Skip to content

Software Skills

Because our day-to-day involves writing code, I am convinced that we data scientists need to be equipped with basic software engineering skills. Being equipped with these skills will help us write code that is, in the long-run, easy to recap, remember, reference, review, and rewrite.

In this collection of short essays, I will highlight the basic software skills that, if we master, will increase our efficiency and effectiveness in the long-run.

Common Objections

If you have heard these suggestions before, then you might have also heard some of the common objections to learning these software practices. I wish to address them here in bulk, so I do not have to address them in-depth in the individual essays.

I have not enough time

This objection is one I am sympathetic to, as I operate under time constraints myself.

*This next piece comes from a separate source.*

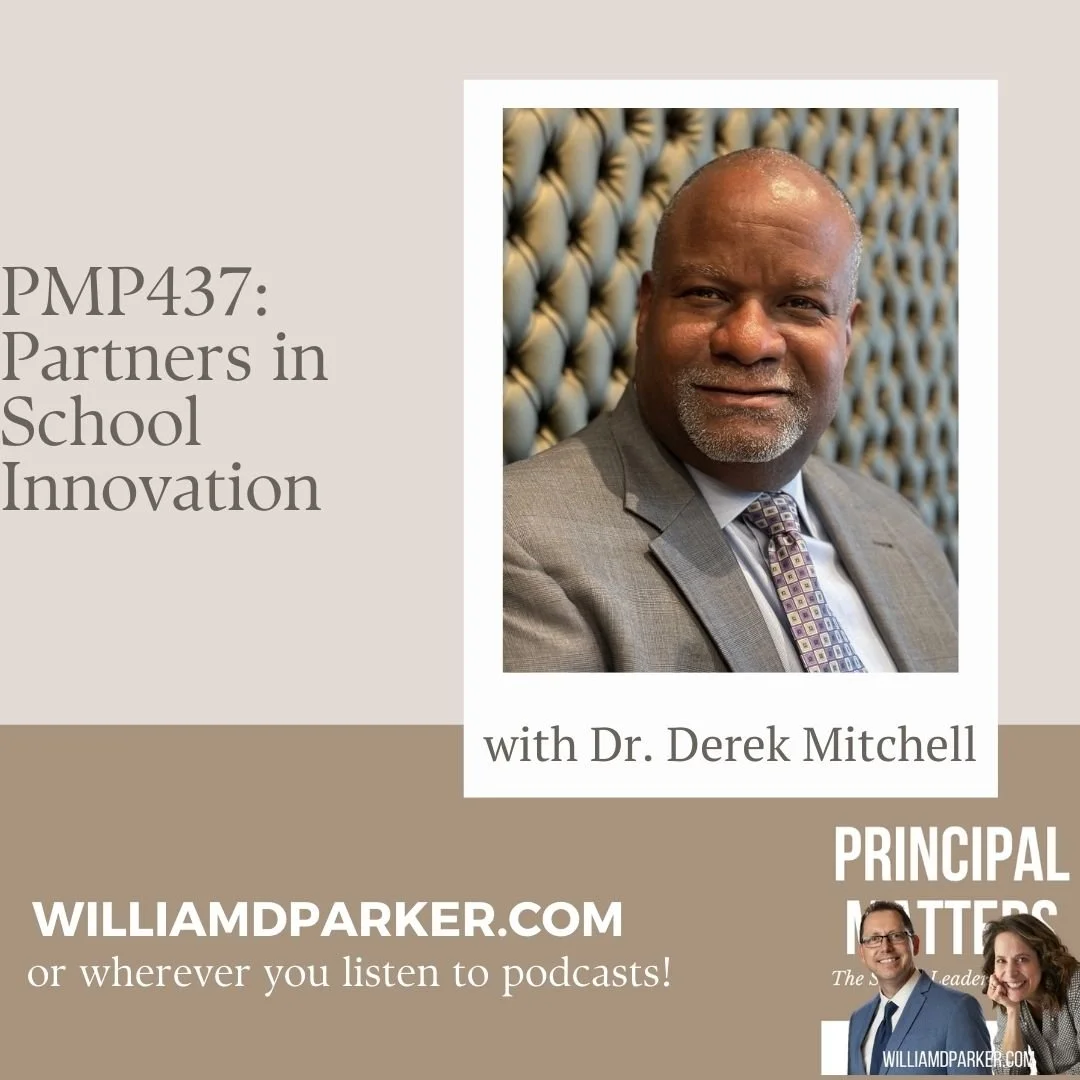 A promotional graphic for episode PMP437 of the "Principal Matters" podcast featuring Dr. Derek Mitchell. The graphic has a beige background with a professional headshot of Dr. Mitchell, a Black man with a gray beard, wearing a gray suit and patterned tie, sitting against a tufted background. The text reads, "PMP437: Partners in School Innovation with Dr. Derek Mitchell." The bottom of the image includes the website "WILLIAMDPARKER.COM or wherever you listen to podcasts!" and the "Principal Matters" podcast logo, which features a photo of the hosts, a man and a woman smiling.

This is the nature of code: written once, used many times. Hence, the best response that I can give is that time taken cutting corners now yields multiples of others' (including your future self's) time wasted navigating an undocumented, spaghetti-code codebase, that is not well-structured either. Cutting out these software practices now makes things much more difficult to maintain and improve code when it goes into production.

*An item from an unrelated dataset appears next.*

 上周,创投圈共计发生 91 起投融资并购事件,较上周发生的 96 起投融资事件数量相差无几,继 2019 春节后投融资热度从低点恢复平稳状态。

My code is only going to be written and read by myself

At some point, though, there is a high probability that you will end up writing code that someone else has to read and use. That someone else is usually your future self but also teammates that may need to cover for you when you're out. (This applies especially if you're on a data science team.) The time invested in making the code read well now, even on code that does not have to be read by others, will reduce the learning curve pain when you eventually do have to write code for others. You might as well invest the time now while there's less formal scrutiny to practice your software skills. When the stakes are higher, being ready can only be helpful.

I don't know how to get started, there are so many places to begin

Pick any one skill, say, refactoring, and work on it first. You can always add on more skills into your toolkit as you go along.